Insomma, le sue opere, come le allegorie medievali e rinascimentali, hanno diversi livelli di lettura. Ma il pubblico contemporaneo è in grado di coglierli?
«L’uomo contemporaneo è visivamente sovrastimolato. Le immagini a cui è sottoposto ammiccano, seducono, a volte urlano, e vanno capite in pochi secondi perché il messaggio commerciale implicito deve arrivare forte e chiaro. Vorrei, invece, che i miei dipinti dilatassero questi tempi così stretti, soffocanti. Vorrei che raccontassero storie infinitamente lunghe, se necessario, fatte di silenzi… E perché no, anche di messaggi ambigui, irrisolti».

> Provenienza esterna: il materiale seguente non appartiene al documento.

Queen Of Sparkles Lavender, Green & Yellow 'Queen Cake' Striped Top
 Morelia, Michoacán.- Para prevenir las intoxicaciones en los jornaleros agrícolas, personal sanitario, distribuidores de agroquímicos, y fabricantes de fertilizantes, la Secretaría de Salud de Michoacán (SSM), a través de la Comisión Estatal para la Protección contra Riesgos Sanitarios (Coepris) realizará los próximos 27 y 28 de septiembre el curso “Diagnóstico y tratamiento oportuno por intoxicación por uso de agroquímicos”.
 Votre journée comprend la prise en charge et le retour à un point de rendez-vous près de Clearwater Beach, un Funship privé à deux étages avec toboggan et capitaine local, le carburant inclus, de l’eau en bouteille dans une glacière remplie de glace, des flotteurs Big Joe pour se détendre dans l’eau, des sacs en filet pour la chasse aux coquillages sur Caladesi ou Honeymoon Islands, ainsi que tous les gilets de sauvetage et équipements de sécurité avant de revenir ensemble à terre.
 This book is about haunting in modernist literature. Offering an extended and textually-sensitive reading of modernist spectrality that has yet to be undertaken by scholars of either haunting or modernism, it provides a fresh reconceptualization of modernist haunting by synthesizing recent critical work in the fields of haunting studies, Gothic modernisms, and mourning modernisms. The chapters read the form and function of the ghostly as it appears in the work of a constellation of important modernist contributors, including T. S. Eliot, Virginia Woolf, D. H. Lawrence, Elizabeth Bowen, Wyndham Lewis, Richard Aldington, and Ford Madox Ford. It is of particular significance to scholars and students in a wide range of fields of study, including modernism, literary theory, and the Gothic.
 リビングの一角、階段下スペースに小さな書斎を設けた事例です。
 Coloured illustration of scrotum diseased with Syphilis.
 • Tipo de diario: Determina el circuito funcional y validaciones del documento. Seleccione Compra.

Quali artisti contemporanei apprezza e la ispirano?
«Mi piace molto la fotografia contemporanea e mi ispirano artisti come Jan Saudek, Peter Joel Witkin, David Lachapelle: lavorano sull’immagine come fossero pittori e impiegando molti riferimenti alla tradizione italiana».

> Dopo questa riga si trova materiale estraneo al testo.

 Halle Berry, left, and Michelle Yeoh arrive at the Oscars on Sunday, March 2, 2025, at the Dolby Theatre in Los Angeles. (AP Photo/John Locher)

Quanto è importante la tecnica pura nella sua arte e quanto sono importanti la capacità tecnica e ‘artigianale’ nel lavoro dell’artista contemporaneo?
«La tecnica è fondamentale nel mio lavoro. Mi piacciono le persone che lavorano con le mani e mi piace tutto ciò che è artigianato. Credo che l’artista contemporaneo debba riappropriarsi di questa capacità. Un artista deve sporcarsi le mani, deve plasmare la propria creatura: non riesco a pensare a un pittore o scultore che si limiti a progettare la propria creazione, delegando ad altri il compito della messa in opera».
Arte contemporanea non figurativa e figurativa: possono convivere? E cosa pensa della diatriba intorno alla sopravvivenza dell’arte figurativa?
«Credo possano convivere benissimo, anzi devono convivere: l’arte ha l’obbligo di diversificarsi perché, per definizione, le possibilità espressive sono infinite.
Credo anche che l’arte figurativa esisterà sempre; in un modo o nell’altro l’uomo sarà sempre “tentato” di imitare la natura. È impossibile non fare i conti con essa fin quando i sensi ci permetteranno di percepirla come gli occhi ce la faranno cogliere. Sul piano culturale, poi, credo che gli artisti italiani, in particolare, avvertiranno sempre il peso della storia che ci portiamo addosso: tutto quel nostro glorioso passato, dall’arte classica greco-romana, al Rinascimento, alla rivoluzione di Caravaggio. Fare i conti con tutto questo mondo è quasi d’obbligo, qualsiasi forma d’arte si voglia sperimentare».